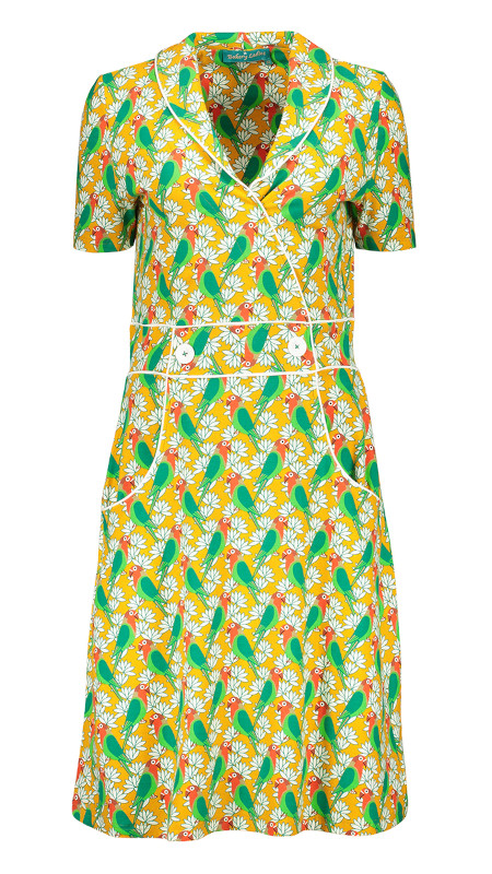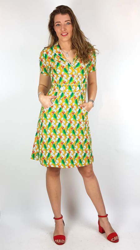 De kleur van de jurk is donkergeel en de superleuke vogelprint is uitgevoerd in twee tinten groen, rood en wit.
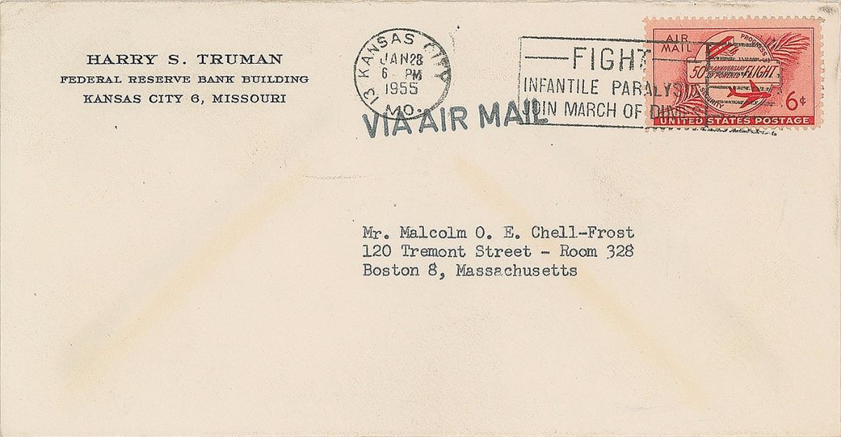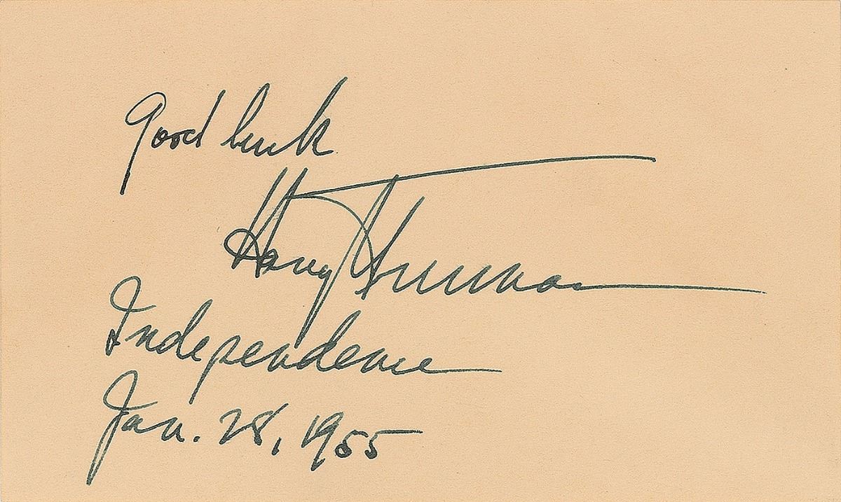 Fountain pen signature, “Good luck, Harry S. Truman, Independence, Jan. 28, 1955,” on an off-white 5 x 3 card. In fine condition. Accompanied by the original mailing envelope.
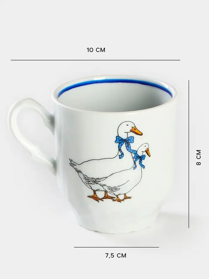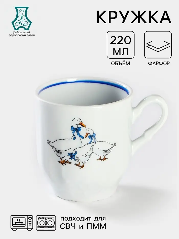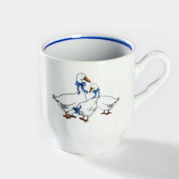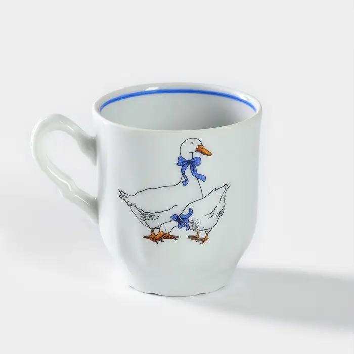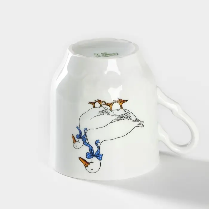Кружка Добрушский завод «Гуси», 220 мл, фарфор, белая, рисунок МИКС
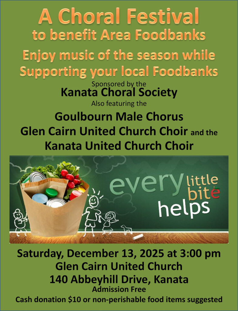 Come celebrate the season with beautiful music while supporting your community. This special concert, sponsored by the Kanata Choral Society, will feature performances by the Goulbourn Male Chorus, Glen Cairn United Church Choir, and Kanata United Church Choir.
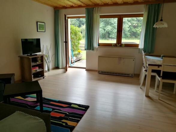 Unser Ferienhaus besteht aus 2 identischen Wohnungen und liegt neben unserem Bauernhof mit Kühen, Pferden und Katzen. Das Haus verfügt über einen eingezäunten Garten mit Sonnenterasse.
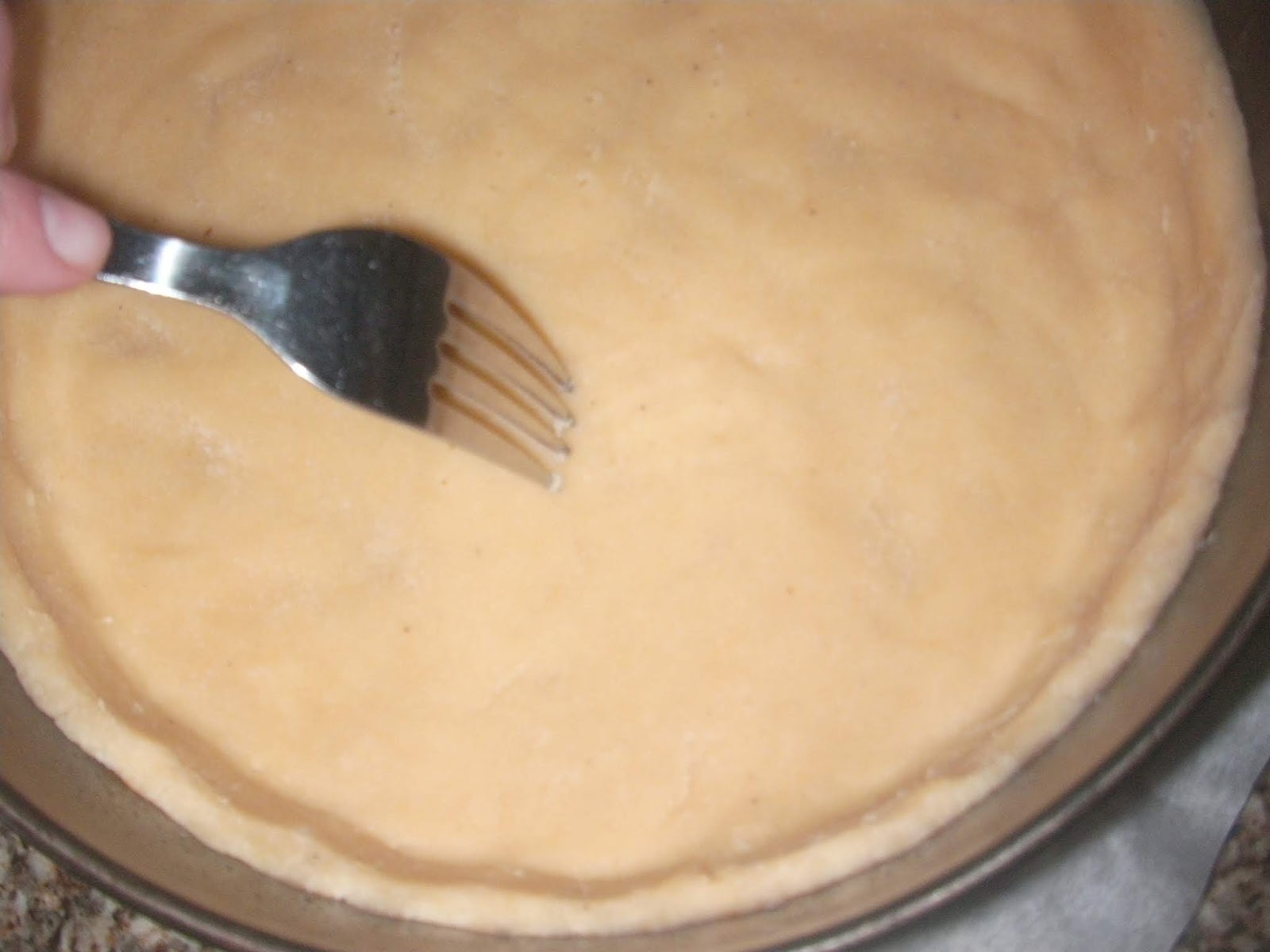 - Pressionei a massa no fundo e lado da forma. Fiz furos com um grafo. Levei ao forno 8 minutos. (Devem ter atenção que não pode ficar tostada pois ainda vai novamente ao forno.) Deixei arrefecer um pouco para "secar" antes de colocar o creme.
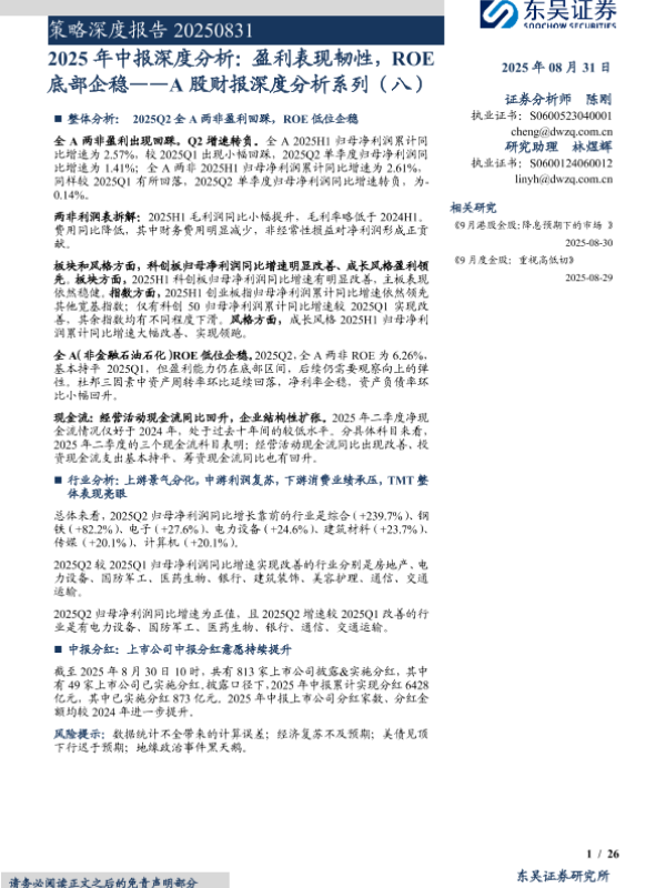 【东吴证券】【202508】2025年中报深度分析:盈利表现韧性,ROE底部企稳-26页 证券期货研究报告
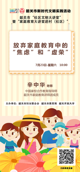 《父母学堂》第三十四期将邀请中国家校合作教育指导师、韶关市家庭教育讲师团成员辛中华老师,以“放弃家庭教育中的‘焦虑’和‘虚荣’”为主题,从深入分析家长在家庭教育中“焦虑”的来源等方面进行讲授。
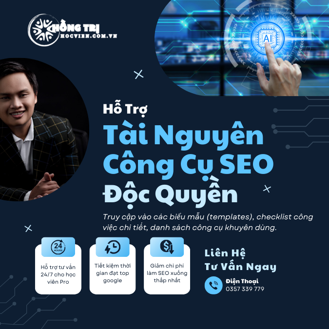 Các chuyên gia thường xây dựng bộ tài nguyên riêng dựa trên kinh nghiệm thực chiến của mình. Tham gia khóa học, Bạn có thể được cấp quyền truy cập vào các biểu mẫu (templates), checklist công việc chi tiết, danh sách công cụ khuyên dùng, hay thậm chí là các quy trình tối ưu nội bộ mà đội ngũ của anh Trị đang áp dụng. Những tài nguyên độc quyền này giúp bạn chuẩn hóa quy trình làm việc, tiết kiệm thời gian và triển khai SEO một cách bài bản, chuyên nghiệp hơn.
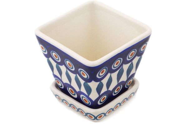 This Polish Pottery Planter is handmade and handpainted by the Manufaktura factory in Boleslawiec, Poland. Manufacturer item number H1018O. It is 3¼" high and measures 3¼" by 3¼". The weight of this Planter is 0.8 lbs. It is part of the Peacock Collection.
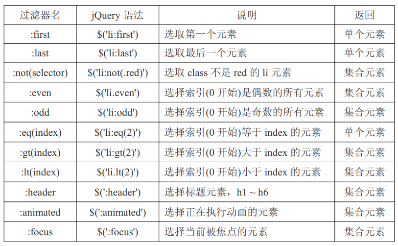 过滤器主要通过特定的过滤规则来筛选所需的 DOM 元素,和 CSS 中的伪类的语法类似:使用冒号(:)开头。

§ **About this task**
Copy out the data verbatim, with no pictures.

§ **Exercise output**
 De kleur van de jurk is donkergeel en de superleuke vogelprint is uitgevoerd in twee tinten groen, rood en wit.
 Fountain pen signature, “Good luck, Harry S. Truman, Independence, Jan. 28, 1955,” on an off-white 5 x 3 card. In fine condition. Accompanied by the original mailing envelope.
Кружка Добрушский завод «Гуси», 220 мл, фарфор, белая, рисунок МИКС
 Come celebrate the season with beautiful music while supporting your community. This special concert, sponsored by the Kanata Choral Society, will feature performances by the Goulbourn Male Chorus, Glen Cairn United Church Choir, and Kanata United Church Choir.
 Unser Ferienhaus besteht aus 2 identischen Wohnungen und liegt neben unserem Bauernhof mit Kühen, Pferden und Katzen. Das Haus verfügt über einen eingezäunten Garten mit Sonnenterasse.
 - Pressionei a massa no fundo e lado da forma. Fiz furos com um grafo. Levei ao forno 8 minutos. (Devem ter atenção que não pode ficar tostada pois ainda vai novamente ao forno.) Deixei arrefecer um pouco para "secar" antes de colocar o creme.
 【东吴证券】【202508】2025年中报深度分析:盈利表现韧性,ROE底部企稳-26页 证券期货研究报告
 《父母学堂》第三十四期将邀请中国家校合作教育指导师、韶关市家庭教育讲师团成员辛中华老师,以“放弃家庭教育中的‘焦虑’和‘虚荣’”为主题,从深入分析家长在家庭教育中“焦虑”的来源等方面进行讲授。
 Các chuyên gia thường xây dựng bộ tài nguyên riêng dựa trên kinh nghiệm thực chiến của mình. Tham gia khóa học, Bạn có thể được cấp quyền truy cập vào các biểu mẫu (templates), checklist công việc chi tiết, danh sách công cụ khuyên dùng, hay thậm chí là các quy trình tối ưu nội bộ mà đội ngũ của anh Trị đang áp dụng. Những tài nguyên độc quyền này giúp bạn chuẩn hóa quy trình làm việc, tiết kiệm thời gian và triển khai SEO một cách bài bản, chuyên nghiệp hơn.
 This Polish Pottery Planter is handmade and handpainted by the Manufaktura factory in Boleslawiec, Poland. Manufacturer item number H1018O. It is 3¼" high and measures 3¼" by 3¼". The weight of this Planter is 0.8 lbs. It is part of the Peacock Collection.
 过滤器主要通过特定的过滤规则来筛选所需的 DOM 元素,和 CSS 中的伪类的语法类似:使用冒号(:)开头。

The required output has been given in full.